*To do*
All of the listing is to be written out word for word, with the pictures left out.

*Materials provided*
********************

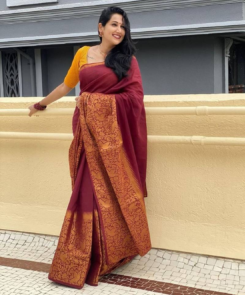 Comes With A 0.8 Meter Running Blouse Piece In Matching Wine Shade, Allowing You To Customize Your Blouse Style As Per Your Preference — From Classic Traditional Cuts To Modern Designer Patterns.
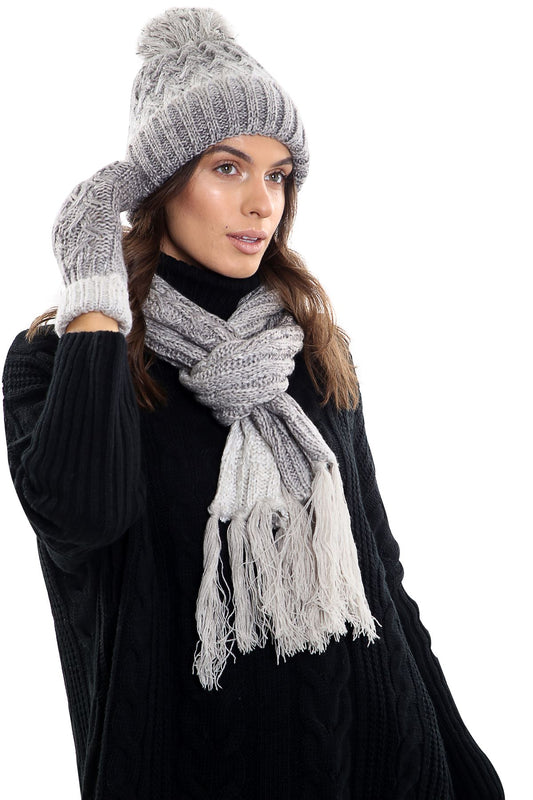 Womens LHTSF172 Wooly Thick knitted Hat, Scarf and Glove set - Grey & White
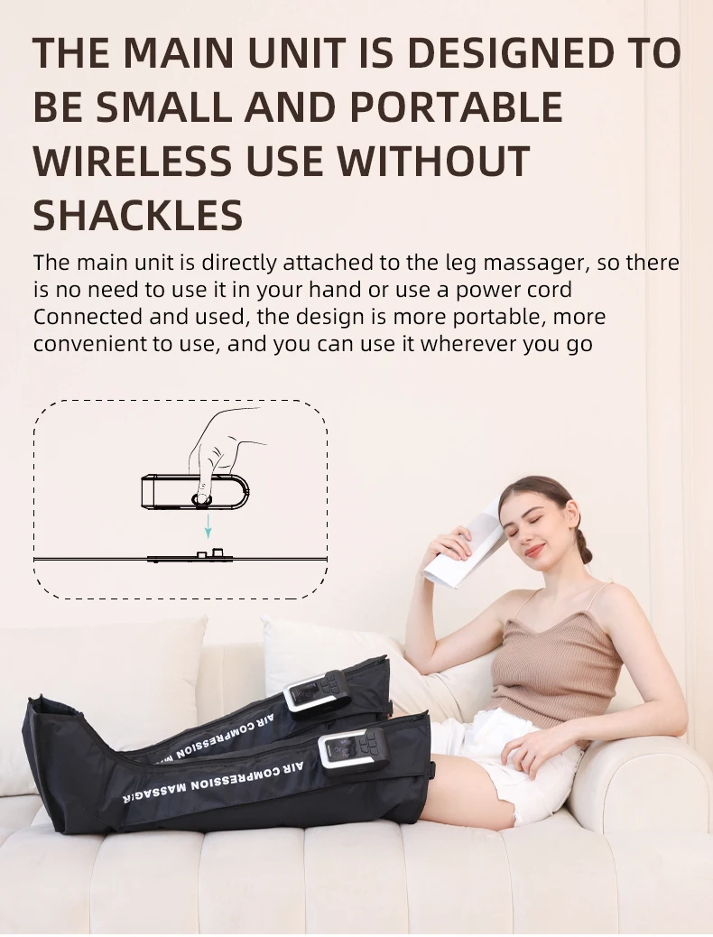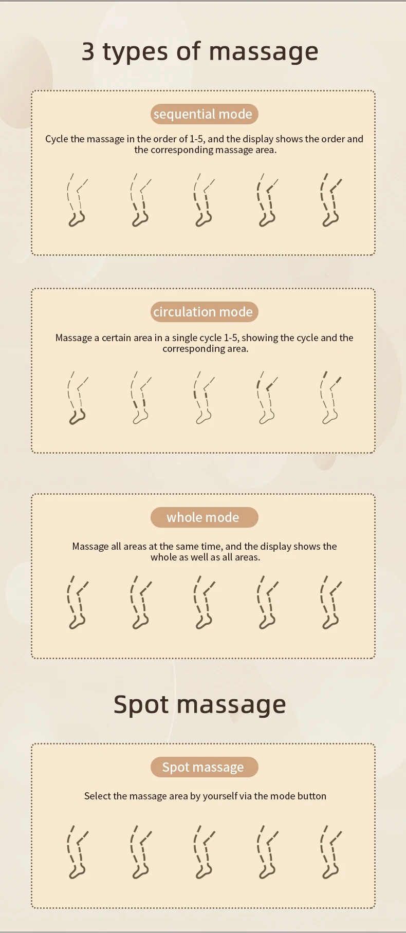 Five groups of airbags evenly distributed throughout the legs, from the soles of the feet to the thighs massage, more effective lower extremity deposits of blood to the upper body drainage, more effective relief of fatigue
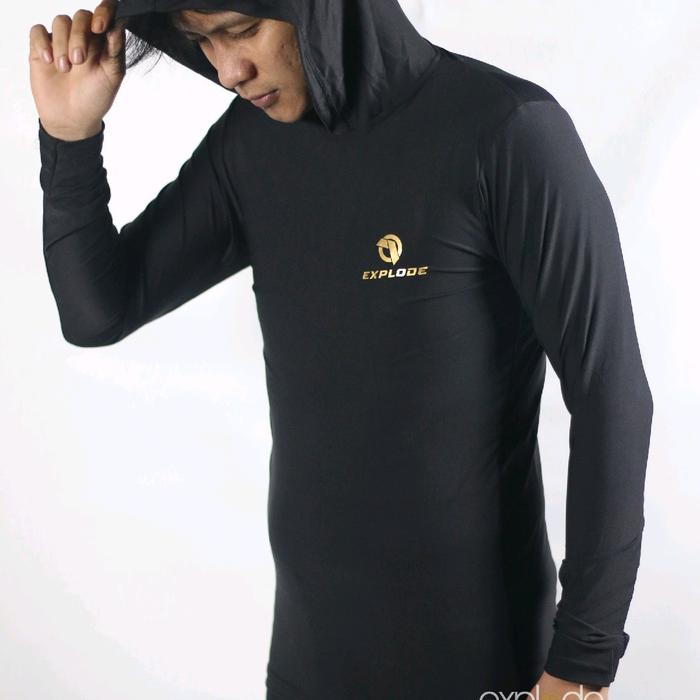 baselayer hoodie/manset badan pria dan wanita olahraga sport/BASELAYER EXPLODE - Hitam S
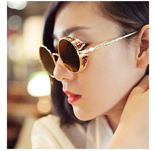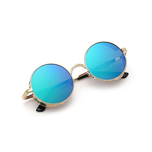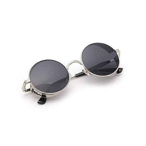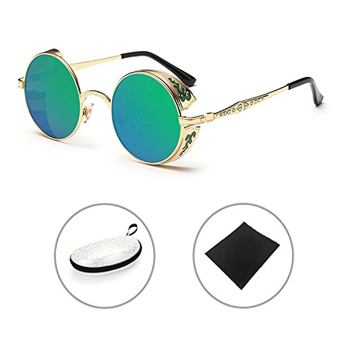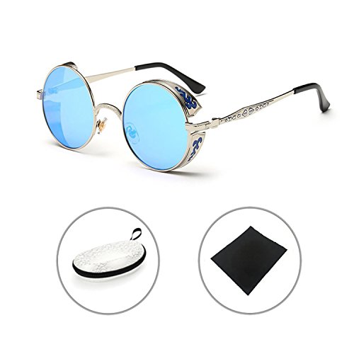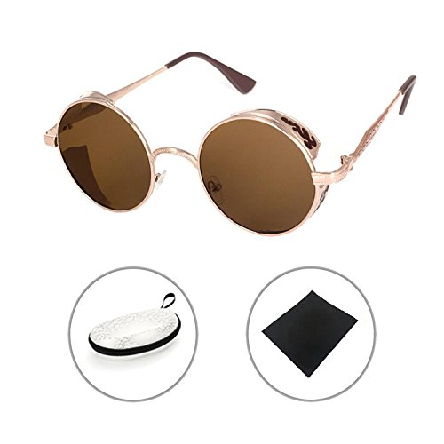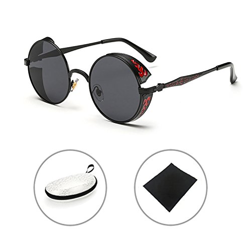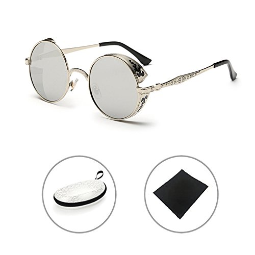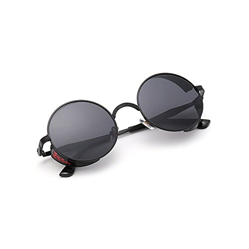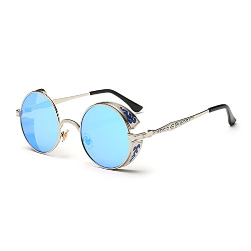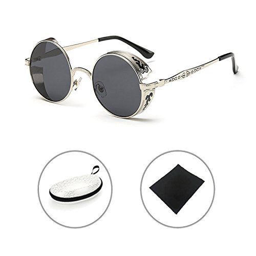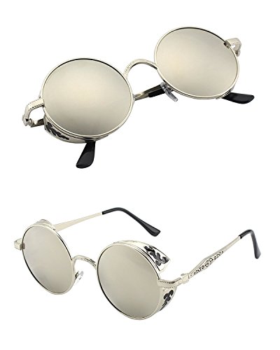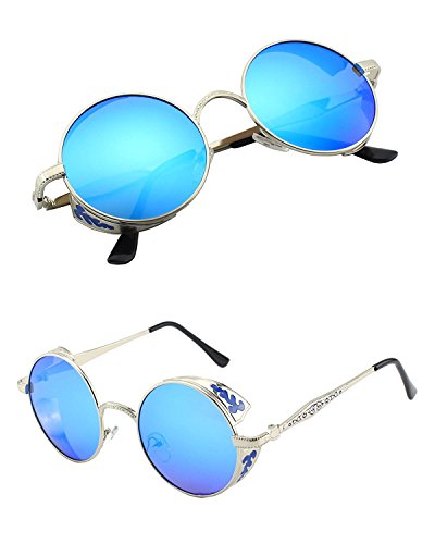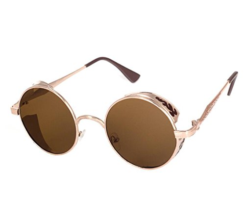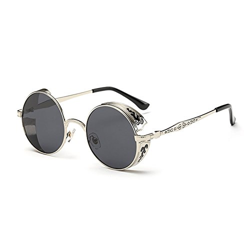 BAINA Retro Round Steampunk Sunglasses Metal Frame Women Men Gothic Vintage Sun glasses

********************

*Reply to the task*
 Comes With A 0.8 Meter Running Blouse Piece In Matching Wine Shade, Allowing You To Customize Your Blouse Style As Per Your Preference — From Classic Traditional Cuts To Modern Designer Patterns.
 Womens LHTSF172 Wooly Thick knitted Hat, Scarf and Glove set - Grey & White
 Five groups of airbags evenly distributed throughout the legs, from the soles of the feet to the thighs massage, more effective lower extremity deposits of blood to the upper body drainage, more effective relief of fatigue
 baselayer hoodie/manset badan pria dan wanita olahraga sport/BASELAYER EXPLODE - Hitam S
 BAINA Retro Round Steampunk Sunglasses Metal Frame Women Men Gothic Vintage Sun glasses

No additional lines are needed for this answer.